Input
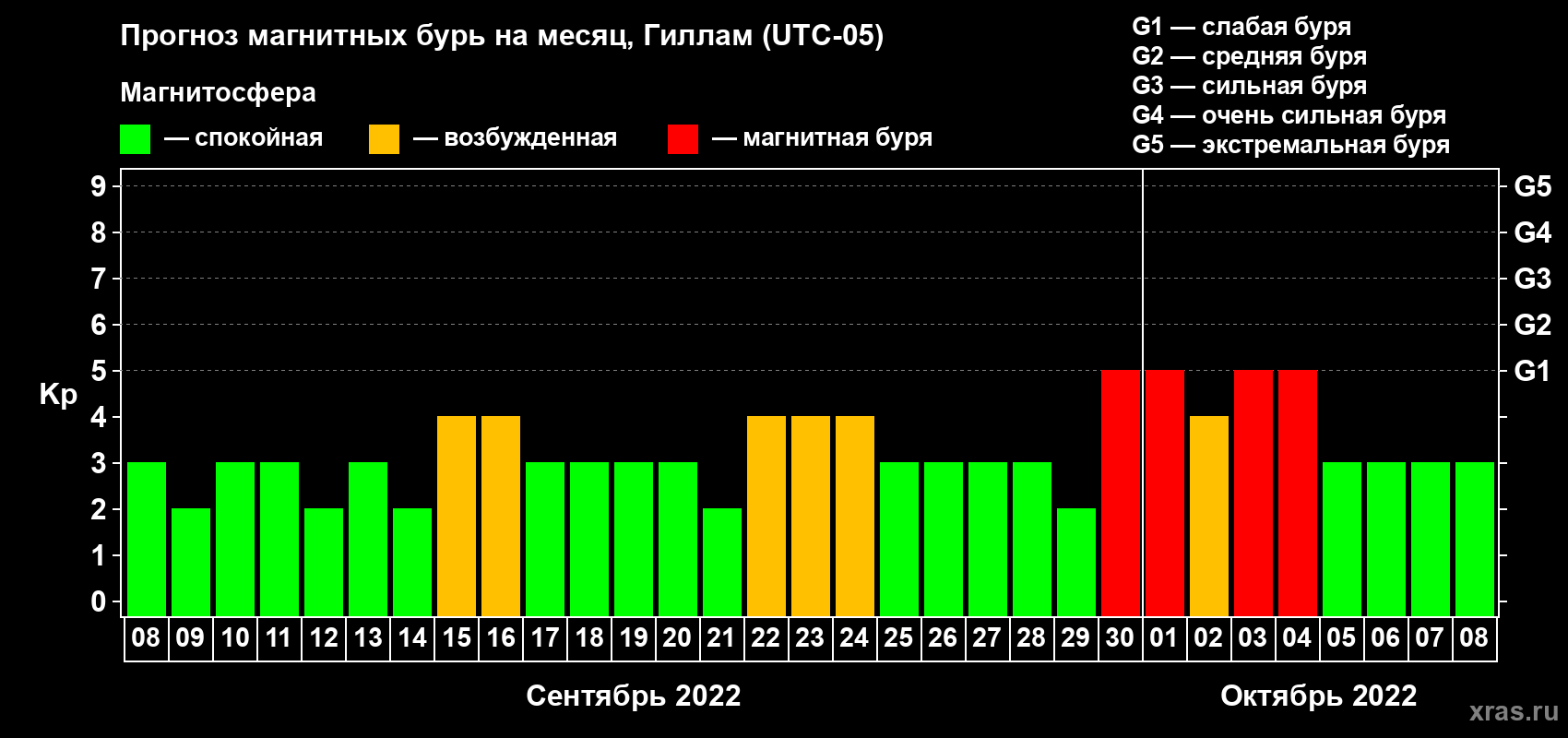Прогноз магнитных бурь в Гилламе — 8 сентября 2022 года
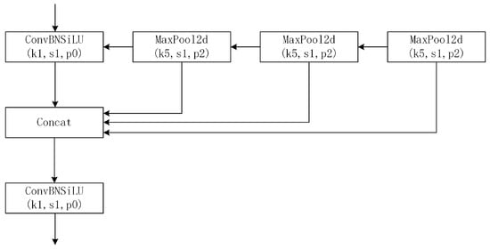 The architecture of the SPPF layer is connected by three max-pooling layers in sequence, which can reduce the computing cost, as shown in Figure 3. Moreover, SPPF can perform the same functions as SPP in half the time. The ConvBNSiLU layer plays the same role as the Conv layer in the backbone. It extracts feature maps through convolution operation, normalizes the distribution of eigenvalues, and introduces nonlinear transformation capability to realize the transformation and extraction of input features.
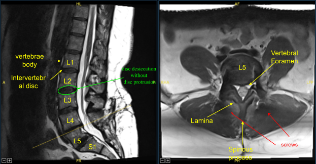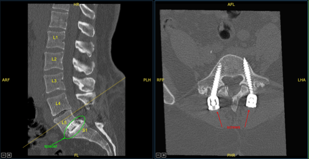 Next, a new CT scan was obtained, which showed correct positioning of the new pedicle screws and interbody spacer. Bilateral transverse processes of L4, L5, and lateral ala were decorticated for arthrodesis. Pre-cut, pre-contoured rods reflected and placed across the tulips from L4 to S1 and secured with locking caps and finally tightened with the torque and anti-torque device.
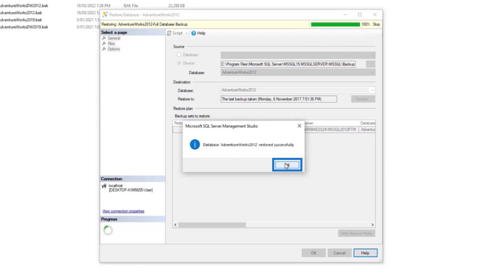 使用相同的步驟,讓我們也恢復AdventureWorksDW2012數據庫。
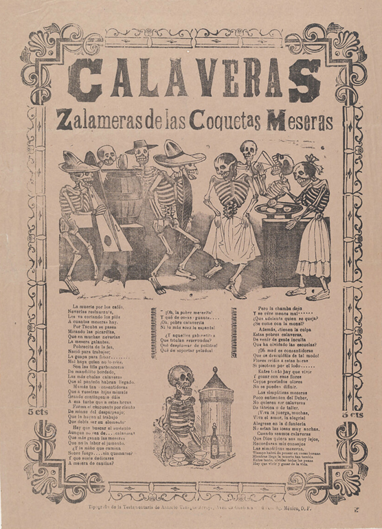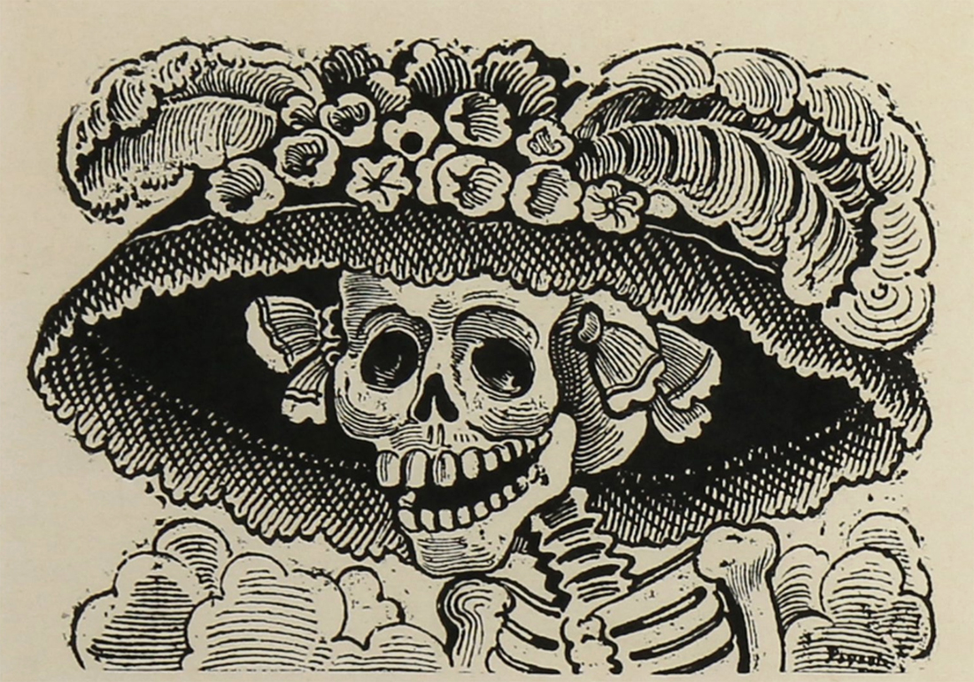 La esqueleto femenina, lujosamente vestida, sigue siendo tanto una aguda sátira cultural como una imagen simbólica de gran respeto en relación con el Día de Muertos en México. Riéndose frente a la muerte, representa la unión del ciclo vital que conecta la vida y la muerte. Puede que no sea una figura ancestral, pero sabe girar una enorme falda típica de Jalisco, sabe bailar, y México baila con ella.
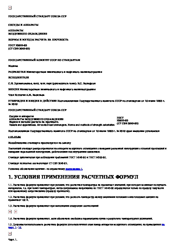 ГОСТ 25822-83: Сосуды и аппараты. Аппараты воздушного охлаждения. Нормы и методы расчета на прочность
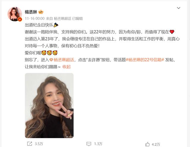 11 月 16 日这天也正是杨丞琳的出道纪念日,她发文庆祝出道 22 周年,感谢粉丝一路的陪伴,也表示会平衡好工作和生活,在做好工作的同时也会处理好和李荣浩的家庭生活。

Your instructions
Skip the pictures and restate exactly the lines from the beginning of the listing to the line with "使用相同的步驟,讓我們也恢復AdventureWorksDW2012數據庫。", that line included.

Solution below
Прогноз магнитных бурь в Гилламе — 8 сентября 2022 года
 The architecture of the SPPF layer is connected by three max-pooling layers in sequence, which can reduce the computing cost, as shown in Figure 3. Moreover, SPPF can perform the same functions as SPP in half the time. The ConvBNSiLU layer plays the same role as the Conv layer in the backbone. It extracts feature maps through convolution operation, normalizes the distribution of eigenvalues, and introduces nonlinear transformation capability to realize the transformation and extraction of input features.
 Next, a new CT scan was obtained, which showed correct positioning of the new pedicle screws and interbody spacer. Bilateral transverse processes of L4, L5, and lateral ala were decorticated for arthrodesis. Pre-cut, pre-contoured rods reflected and placed across the tulips from L4 to S1 and secured with locking caps and finally tightened with the torque and anti-torque device.
 使用相同的步驟,讓我們也恢復AdventureWorksDW2012數據庫。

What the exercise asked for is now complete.